Quote from the first line below through the line that contains "Collier Boule en", both included, and leave the pictures out.

-- Records provided follows --

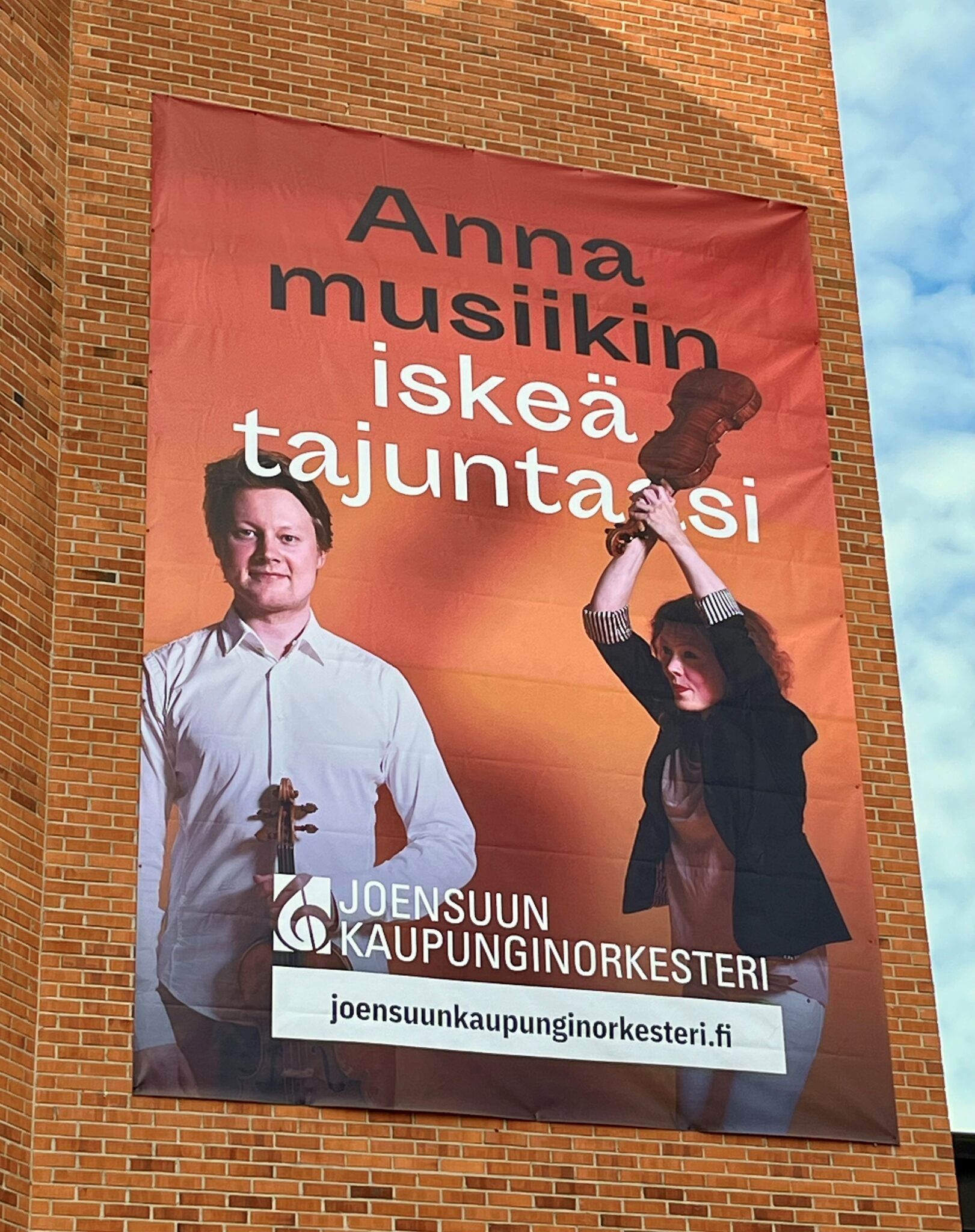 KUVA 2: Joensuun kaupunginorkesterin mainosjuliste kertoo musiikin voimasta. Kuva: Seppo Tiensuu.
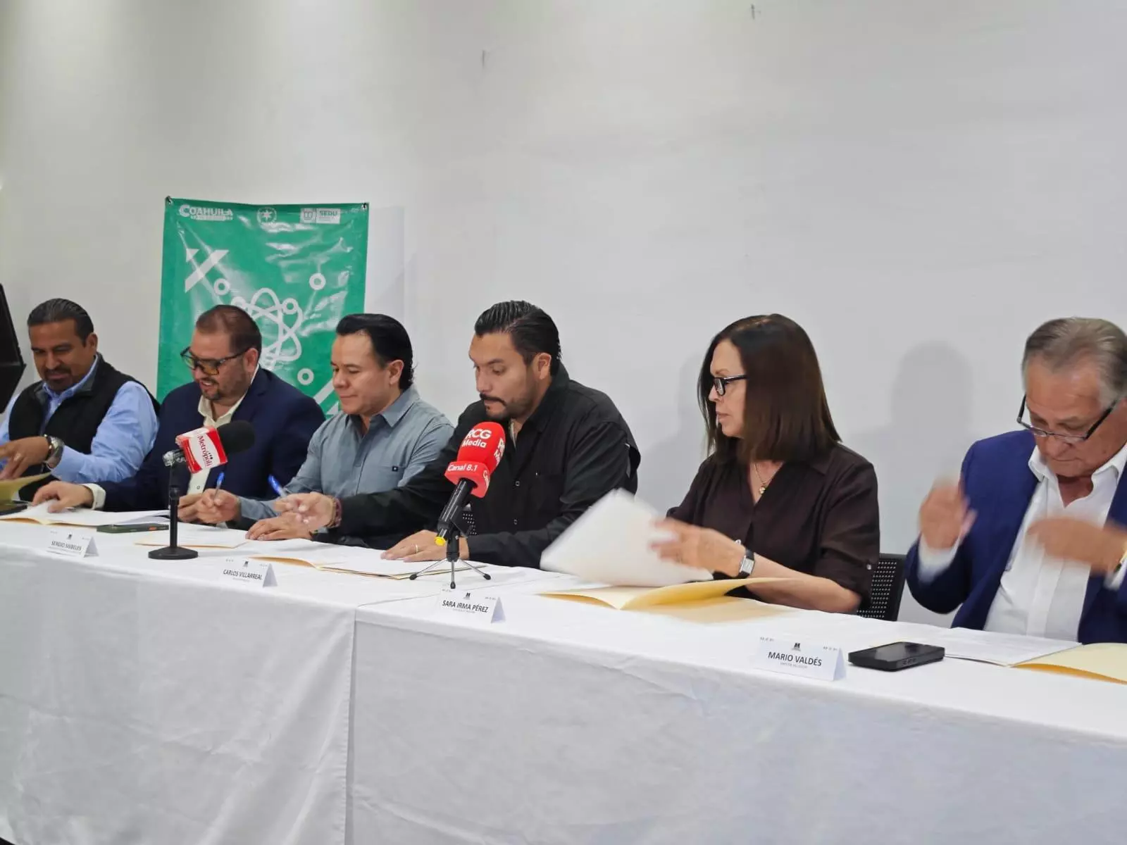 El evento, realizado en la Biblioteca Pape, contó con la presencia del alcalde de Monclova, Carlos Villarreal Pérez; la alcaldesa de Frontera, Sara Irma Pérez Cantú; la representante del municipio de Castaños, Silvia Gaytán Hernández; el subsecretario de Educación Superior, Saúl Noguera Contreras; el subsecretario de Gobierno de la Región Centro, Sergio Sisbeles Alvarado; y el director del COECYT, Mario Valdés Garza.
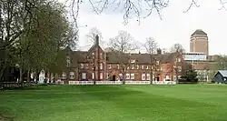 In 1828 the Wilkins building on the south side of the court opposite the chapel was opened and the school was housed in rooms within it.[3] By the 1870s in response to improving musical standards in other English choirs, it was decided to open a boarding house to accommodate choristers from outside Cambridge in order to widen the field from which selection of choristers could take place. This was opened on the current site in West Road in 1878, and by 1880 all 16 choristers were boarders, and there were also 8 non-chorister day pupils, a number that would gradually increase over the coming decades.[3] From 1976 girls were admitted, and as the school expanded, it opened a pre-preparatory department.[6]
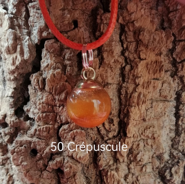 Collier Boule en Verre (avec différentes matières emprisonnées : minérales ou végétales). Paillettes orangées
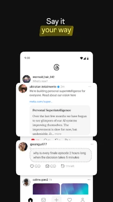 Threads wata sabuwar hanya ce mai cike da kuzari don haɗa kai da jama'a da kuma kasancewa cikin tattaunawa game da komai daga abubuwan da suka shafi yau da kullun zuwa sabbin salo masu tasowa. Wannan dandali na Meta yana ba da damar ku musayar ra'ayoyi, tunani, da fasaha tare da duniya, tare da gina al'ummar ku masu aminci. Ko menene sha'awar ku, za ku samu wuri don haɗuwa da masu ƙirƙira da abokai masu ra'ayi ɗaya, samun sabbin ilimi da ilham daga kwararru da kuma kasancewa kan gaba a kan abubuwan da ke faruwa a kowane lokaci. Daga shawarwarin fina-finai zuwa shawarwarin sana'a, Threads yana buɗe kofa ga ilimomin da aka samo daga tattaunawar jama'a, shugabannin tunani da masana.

-- Records provided concluded --

▶ [Answer box]:
 KUVA 2: Joensuun kaupunginorkesterin mainosjuliste kertoo musiikin voimasta. Kuva: Seppo Tiensuu.
 El evento, realizado en la Biblioteca Pape, contó con la presencia del alcalde de Monclova, Carlos Villarreal Pérez; la alcaldesa de Frontera, Sara Irma Pérez Cantú; la representante del municipio de Castaños, Silvia Gaytán Hernández; el subsecretario de Educación Superior, Saúl Noguera Contreras; el subsecretario de Gobierno de la Región Centro, Sergio Sisbeles Alvarado; y el director del COECYT, Mario Valdés Garza.
 In 1828 the Wilkins building on the south side of the court opposite the chapel was opened and the school was housed in rooms within it.[3] By the 1870s in response to improving musical standards in other English choirs, it was decided to open a boarding house to accommodate choristers from outside Cambridge in order to widen the field from which selection of choristers could take place. This was opened on the current site in West Road in 1878, and by 1880 all 16 choristers were boarders, and there were also 8 non-chorister day pupils, a number that would gradually increase over the coming decades.[3] From 1976 girls were admitted, and as the school expanded, it opened a pre-preparatory department.[6]
 Collier Boule en Verre (avec différentes matières emprisonnées : minérales ou végétales). Paillettes orangées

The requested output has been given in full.